Nutritional Facts (Per Serving)

  • Calories: 120
  • Protein: 2g
  • Fat: 9g
  • Carbohydrates: 10g
  • Fiber: 3g
  • Sugar: 4g

Storage

  • Refrigerate: Store in an airtight container in the refrigerator for up to 5 days.
  • Freeze: This spread can be frozen for up to 2 months.

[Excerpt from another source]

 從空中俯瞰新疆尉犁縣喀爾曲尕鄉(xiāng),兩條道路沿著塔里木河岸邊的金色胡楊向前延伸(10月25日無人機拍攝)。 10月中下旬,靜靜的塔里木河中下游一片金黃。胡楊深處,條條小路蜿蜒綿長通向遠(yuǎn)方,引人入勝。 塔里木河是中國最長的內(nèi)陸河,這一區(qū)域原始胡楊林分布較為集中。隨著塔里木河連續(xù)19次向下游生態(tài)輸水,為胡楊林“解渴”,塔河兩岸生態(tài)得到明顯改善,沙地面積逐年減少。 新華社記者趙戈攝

Thaw in the refrigerator before serving.
  • Reheat: This spread is best served cold, but if you prefer it warm, gently heat it in a pan.

Why You’ll Love This Recipe

  • Healthy and Nutritious: Packed with vegetables and healthy fats, it’s a guilt-free snack.
  • Versatile: Use it as a dip, spread, or even as a sauce for pasta or grilled meats.
  • Flavorful: The roasting process brings out deep, smoky flavors in the vegetables.
  • Easy to Make: With simple ingredients and straightforward steps, this recipe is easy to prepare.

Conclusion

This Roasted Vegetable Spread is a delicious and versatile recipe that is sure to become a staple in your kitchen. Whether you’re serving it as a dip for a party, a spread for sandwiches, or a side dish for dinner, its rich flavors and healthy ingredients make it a winner. The combination of roasted vegetables, creamy tahini, and fresh herbs offers a delightful taste experience that’s both nutritious and satisfying. Try this recipe and enjoy the wholesome goodness it brings to your table.

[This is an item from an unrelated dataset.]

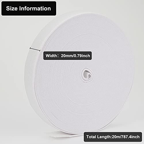 Cinghia Elastica, 20M*2CM Elastico per Cucito Bianco, Banda Elastica per Cucito, per Sartoria, Cucito, Alterazione, Montaggio, Nastro per Parrucche e Artigianato Fai-da-Te

Frequently Asked Questions

  1. Can I use other vegetables in this spread?
    • Yes, zucchini, carrots, or even sweet potatoes can be added for different flavors.
  2. Is it necessary to peel the eggplant?
    • No, you can leave the skin on if you prefer, as it adds texture and nutrients.
  3. Can I skip the tahini?
    • Tahini adds creaminess, but you can replace it with Greek yogurt or omit it for a lighter version.
  4. How spicy is this spread?
    • The jalapeno adds a mild kick, but you can adjust the spice level by adding more or less.
  5. Can I make this spread ahead of time?
    • Yes, it’s even better when made a day in advance as the flavors have time to develop.
  6. What can I use instead of parsley?
    • Cilantro or basil can be used as a substitute for parsley.
  7. Is this spread freezer-friendly?
    • Yes, you can freeze it for up to 2 months. Just thaw it in the fridge before serving.
  8. Can I roast the vegetables on the stovetop instead of in the oven?
    • Yes, but the oven roasting gives a deeper caramelized flavor.
  9. How long does this spread last in the fridge?
    • It can last up to 5 days if stored in an airtight container.
  10. Can I use canned tomatoes instead of fresh?
    • Fresh tomatoes are recommended, but canned tomatoes can be used in a pinch, just drain them well.